RE: Make default subscription streaming option as Parallel

From
"Hayato Kuroda (Fujitsu)"
Date:
Dear Vignesh,

> One key point to consider is that the lock on transaction objects will
> be held for a longer duration when using streaming in parallel. This
> occurs because the parallel apply worker initiates the transaction as
> soon as streaming begins, maintaining the lock until the transaction
> is fully completed. As a result, for long-running transactions, this
> extended lock can hinder concurrent access that requires a lock.

So, the current default is the most conservative and can run anywhere; your
proposal is a bit optimistic, right?
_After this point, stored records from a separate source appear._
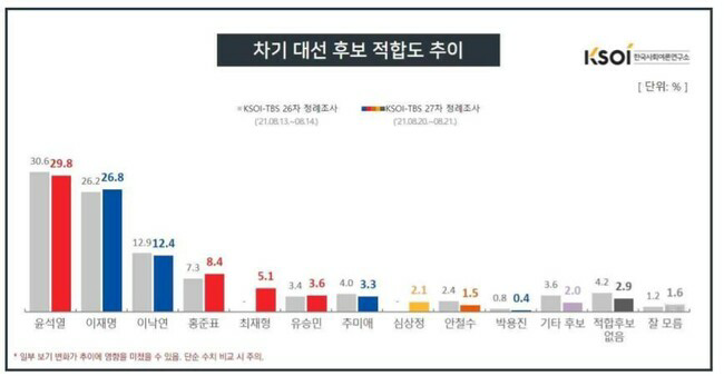 [KSOI] 윤석열 29.8% 이재명 26.8%…차기대선주자 적합도 오차범위 내 접전 이낙연 12.4%, 홍준표 8.4%, 최재형 5.1% 유승민 3.6% 추미애 3.3% 심상정 2.1% 안철수 1.5%
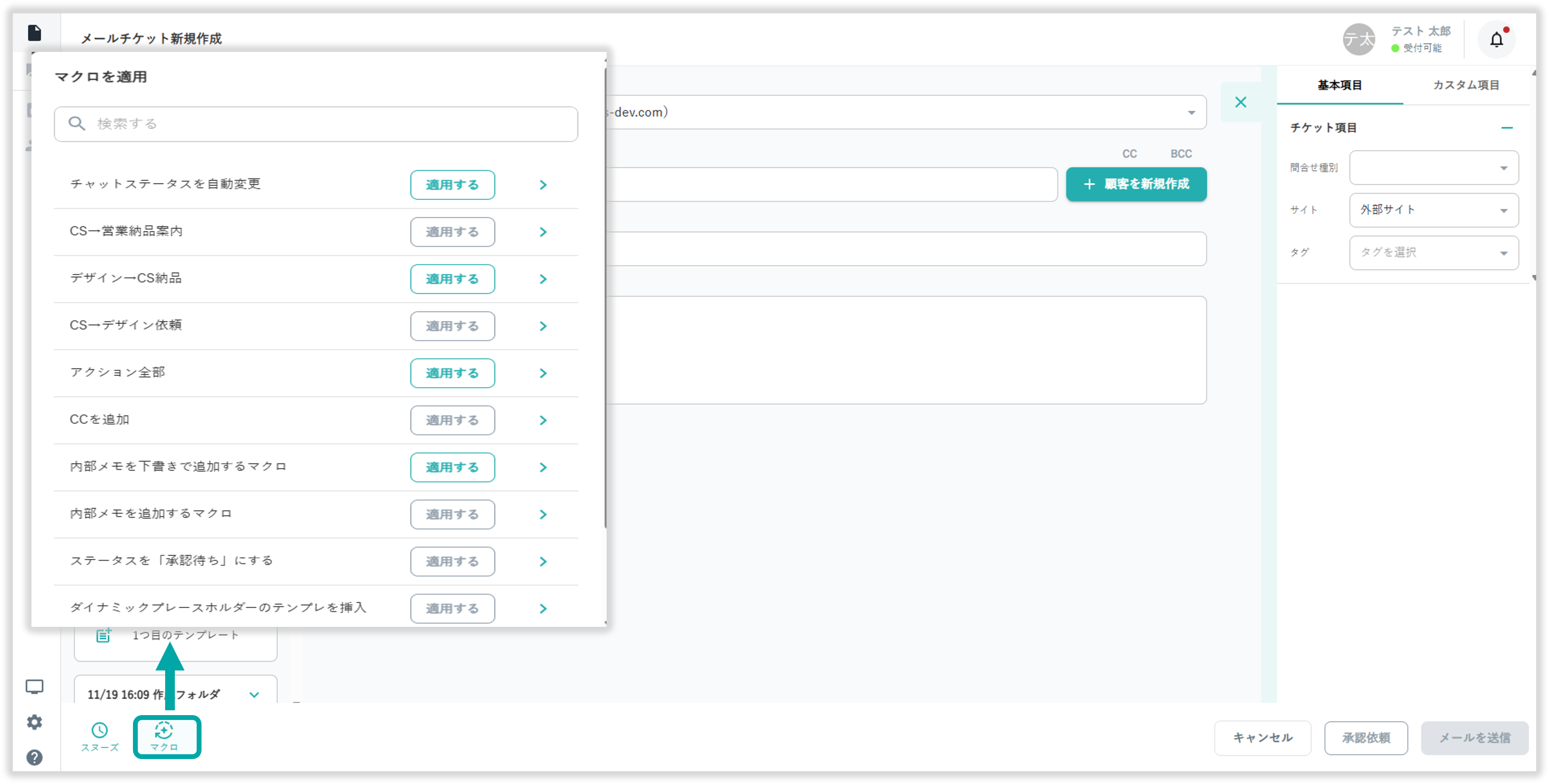 メールチケット作成画面の画面左下からあらかじめ登録したマクロのを利用できます。
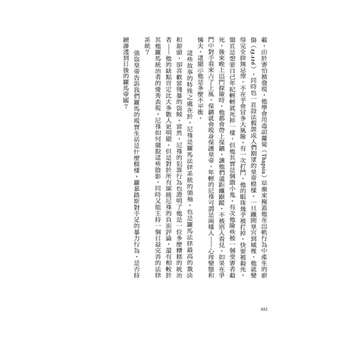 羅馬人民又如何?基本上守法嗎?是否只對諷刺詩人尤維諾(Juvenal)詩中的「麵包和競技場」有興趣?是否關心正義等抽象概念?我們要來研究羅馬人民是否曾設法對皇帝發揮任何影響,以及皇帝是否曾對群眾的法律和秩序需求有所回應。我們要來檢視羅馬人民在酒吧裡的談話,以及他們如何評論朝政。在專制皇帝的統治下,自由交談是一件危險的事,我們將看到人們經常會以匿名的安全方式來發表自己的批評。
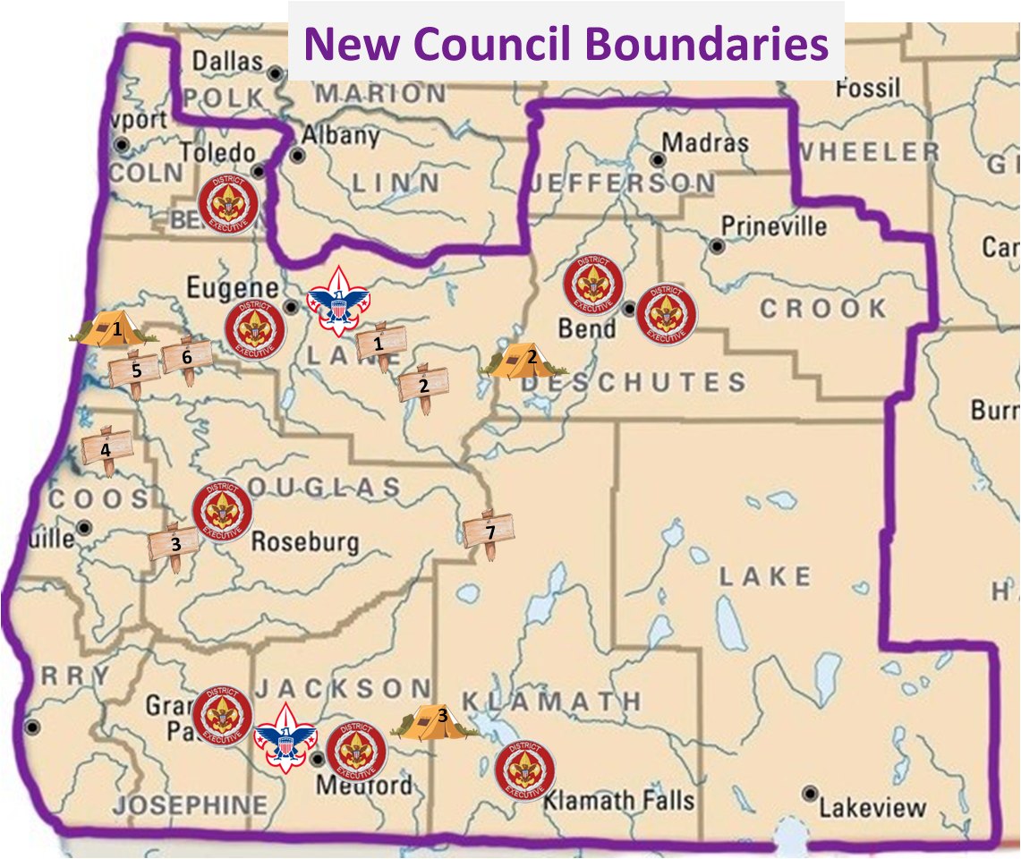 A map of the new council boundaries was posted on Oregon Trail Council's Facebook page. However, this only show counties in Oregon, and Crater Lake Council also included counties in California. While district maps shown on Nevada Area Council's website appear to show Modoc County as being part of its Zephyr District, a Sep 19th post by Daniel Washburn, Pacific Rivers District Commissioner on Crater Lake Council Facebook page confirms otherwise:

Since long transactions should be avoided
in any case, and everyone knows it, I agree with your point.

One comment for your patch;
Shouldn't we add a streaming=off case for pg_dump test? You added lines but no one
passes it.

Best regards,
Hayato Kuroda
FUJITSU LIMITED

Re: Make default subscription streaming option as Parallel

From
shveta malik
Date:
On Mon, Oct 7, 2024 at 4:03 PM vignesh C <vignesh21@gmail.com> wrote:
>

With parallel streaming as default, do you think there is a need to
increase the default for 'max_logical_replication_workers' as IIUC
parallel workers are taken from the same pool.

thanks
Shveta



Re: Make default subscription streaming option as Parallel

From
Amit Kapila
Date:
On Tue, Oct 8, 2024 at 2:25 PM shveta malik <shveta.malik@gmail.com> wrote:
>
> On Mon, Oct 7, 2024 at 4:03 PM vignesh C <vignesh21@gmail.com> wrote:
> >
>
> With parallel streaming as default, do you think there is a need to
> increase the default for 'max_logical_replication_workers' as IIUC
> parallel workers are taken from the same pool.
>

Good question. But then one may say that we should proportionately
increase max_worker_processes as well. I don't know what should be
reasonable new defaults. I think we should make parallel streaming as
default and then wait for some user feedback before changing other
defaults.

--
With Regards,
Amit Kapila.



Re: Make default subscription streaming option as Parallel

From
shveta malik
Date:
On Tue, Oct 8, 2024 at 3:38 PM Amit Kapila <amit.kapila16@gmail.com> wrote:
>
> On Tue, Oct 8, 2024 at 2:25 PM shveta malik <shveta.malik@gmail.com> wrote:
> >
> > On Mon, Oct 7, 2024 at 4:03 PM vignesh C <vignesh21@gmail.com> wrote:
> > >
> >
> > With parallel streaming as default, do you think there is a need to
> > increase the default for 'max_logical_replication_workers' as IIUC
> > parallel workers are taken from the same pool.
> >
>
> Good question. But then one may say that we should proportionately
> increase max_worker_processes as well. I don't know what should be
> reasonable new defaults.

Agreed on the same query on the next level of max_worker_processes .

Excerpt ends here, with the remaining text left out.